Instructions for the task> The response should consist of every line below, restated exactly, with no pictures.

Collected material>
::::::
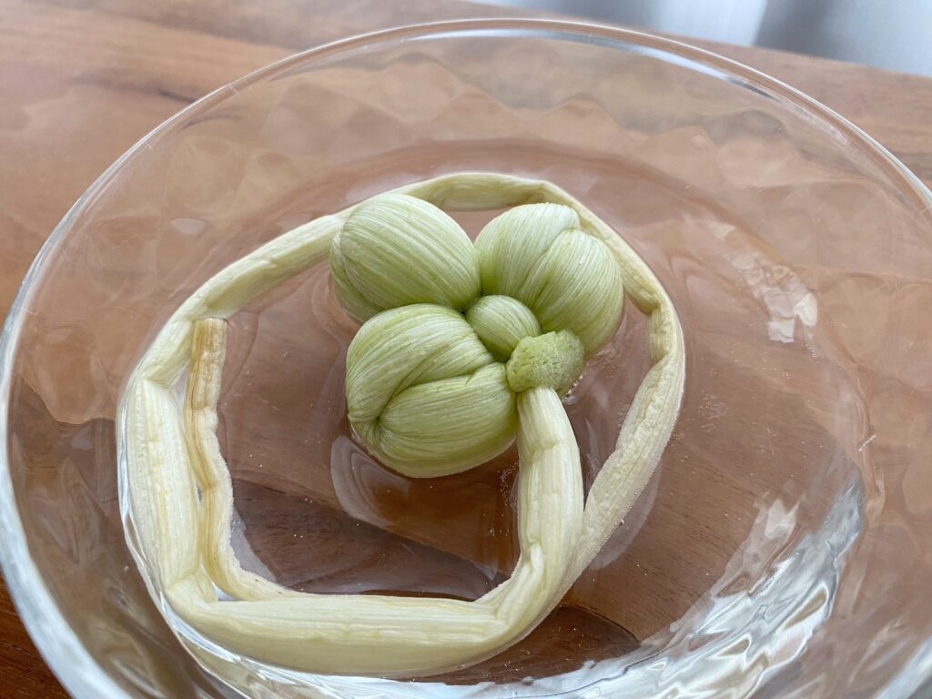 ずいきを使用する際には、ぬるま湯もしくは水に数分間つけてから使用します。
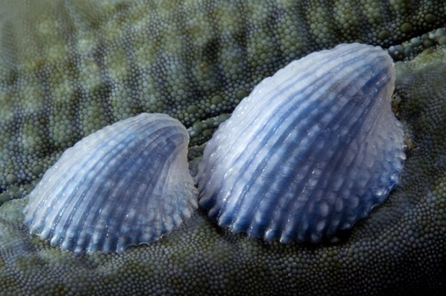 Thyca crystallina is a tiny little limpet mollusc that lives on and sucks the "blood" - the hemolymph - out of blue sea stars (Linckia laevigata). The females of this species can become permanently attached to the exoskeleton of the echinoderms and just live their happily, feeding - oh and mating - with a tiny little male, one-tenth their size, that just lives in their shells and fertilizes her eggs. One might say that they are sort of a "tick of the sea" (oh, this really ought to confuse Jessica Simpson). The image comes from this site.
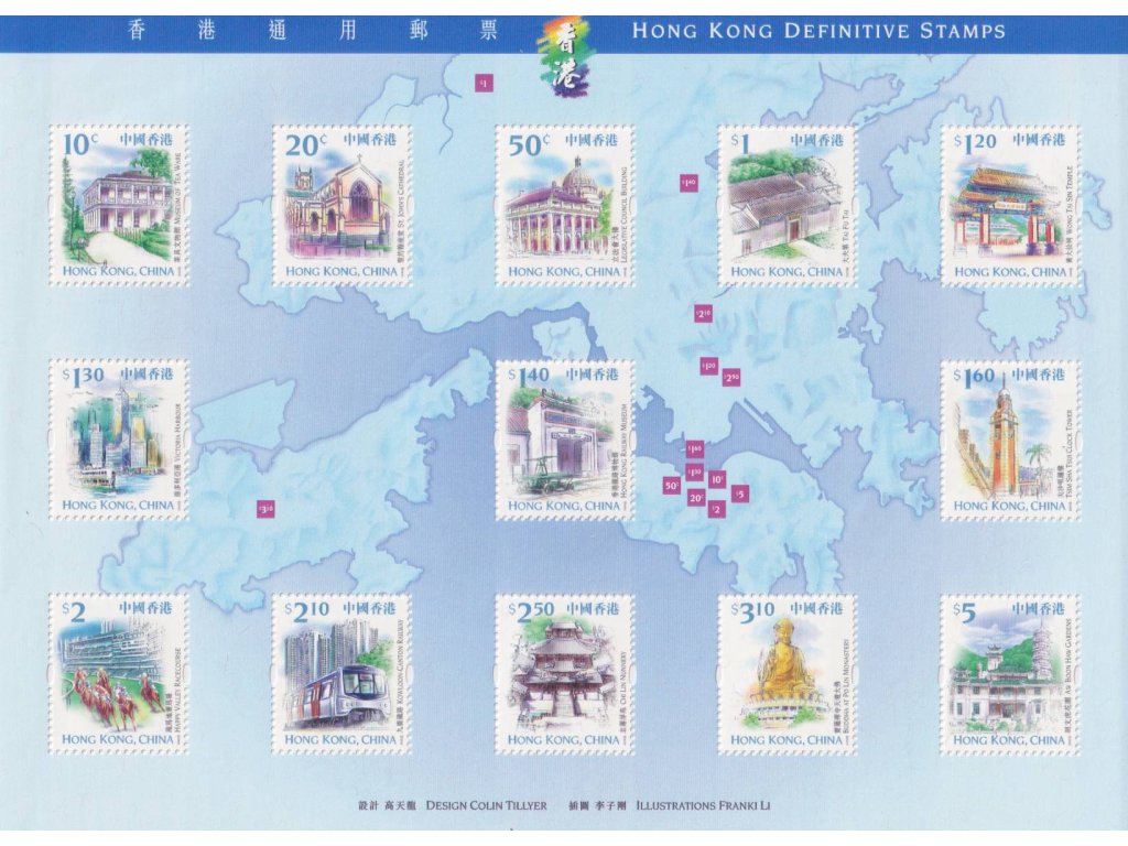 Poštovní známka, Hong Kong, 1999, 10C-5Dolarů aršík Stavby, MiNr.Bl.65, **
::::::
Exercise result>
 ずいきを使用する際には、ぬるま湯もしくは水に数分間つけてから使用します。
 Thyca crystallina is a tiny little limpet mollusc that lives on and sucks the "blood" - the hemolymph - out of blue sea stars (Linckia laevigata). The females of this species can become permanently attached to the exoskeleton of the echinoderms and just live their happily, feeding - oh and mating - with a tiny little male, one-tenth their size, that just lives in their shells and fertilizes her eggs. One might say that they are sort of a "tick of the sea" (oh, this really ought to confuse Jessica Simpson). The image comes from this site.
 Poštovní známka, Hong Kong, 1999, 10C-5Dolarů aršík Stavby, MiNr.Bl.65, **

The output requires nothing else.